L'homme est un animal déificateur. — La terreur de l'orang-outang au sifflement du serpent est à l'origine de ces cultes ophiolâtres qui paraissent les aînés de tous et qui se retrouvent sous tant de latitudes. Depuis, polythéisme, panthéisme ont tour à tour enfermé la divinité dans la nature et la nature dans la divinité. L'émotion humaine à la plus haute tension devient, automatiquement pour ainsi dire, religieuse. Dieu est un mode nécessaire et ultime du sentiment (Renan a dit qu'il n'était pas, mais qu'il serait) « L'évolution créatrice, dit Bergson, implique la même espérance. »
Croire, c'est la pente de toute âme. Douter n'est-ce point croire à trop de choses ?
A la fin du IIe acte de la Marie-Madeleine de M. Maeterlinck, Lazare ressuscité, mais plus qu'à demi cadavre encore, blême et titubant dans l'entrave des bandelettes, comme le condamné qui polke vers le couteau, vient chercher Madeleine de la part du Maître. Et la courtisane le suit, tête basse, sans prendre le temps de nouer ses cheveux ni de défaire ses colliers.
L'image est belle. L'amour et la beauté, parés de leur harnois, sur les pas de la mort, font une juste allégorie du christianisme.

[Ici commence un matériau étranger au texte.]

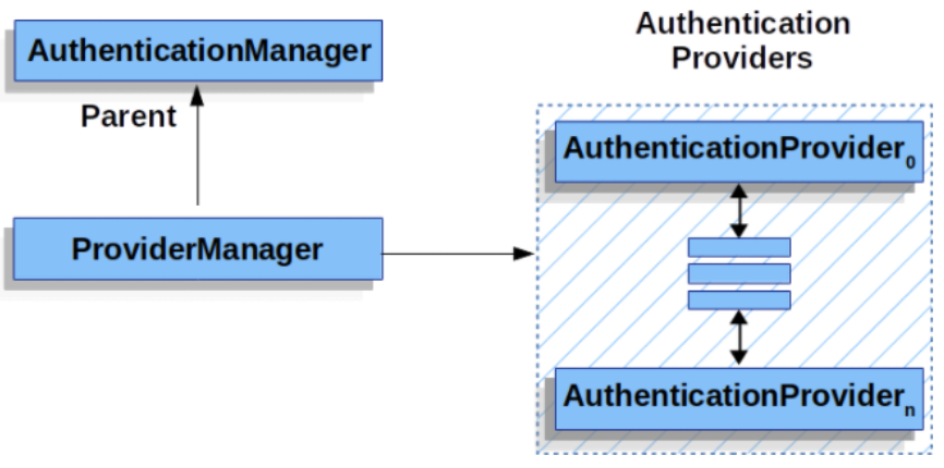 위 사진을 보면 하나의 ProviderManager에는 여러 AuthenticationProvider를 갖고있다. 이는 Spring Security에서 다양한 인증 방식을 지원하기 때문에 각각의 인증 방식에 따라 다른 AuthenticationProvider가 필요할 수 있기 때문이다.
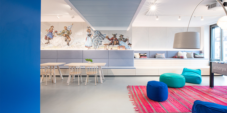 Alteryx ist ein schnell wachsendes, amerikanisches Unternehmen mit Freude an ungewöhnlichen Ideen. An jedem Standort sollen zum einen die Philosophie der Marke, die dynamische Farbwelt, aber auch lokale Besonderheiten spürbar sein. Das neue „Munyx“ Office in der Münchner Innenstadt integriert Elemente aus München und Bayern in die Gestaltung der Räumlichkeiten.

A quoi tout cela revient-il ? A nous conformer à la folie qu'est la vie. Mais cette folie n'est que raison secrète, elle n'a que les apparences de la folie. L'histoire de l'humanité, c'est l'effort de l'homme à démêler la raison obscure de cette déraison, à comprendre ce dessein supérieur et caché de l'espèce, dessein dont l'ignorance est le principe de toutes les inadaptations et de tous les maux de l'individu.
L'avenir est aux mobiles ! Dût une vague de laideur et de barbarie noyer notre société (le socialisme ouvrier), quelques cellules privilégiées sauveront son rêve et le message qu'elle porte à l'avenir. Un tel prodige se peut dans l'humanité d'aujourd'hui, où quelques idées de droit, de conscience, de noblesse communes forment une patrie au-dessus des patries et par delà les frontières.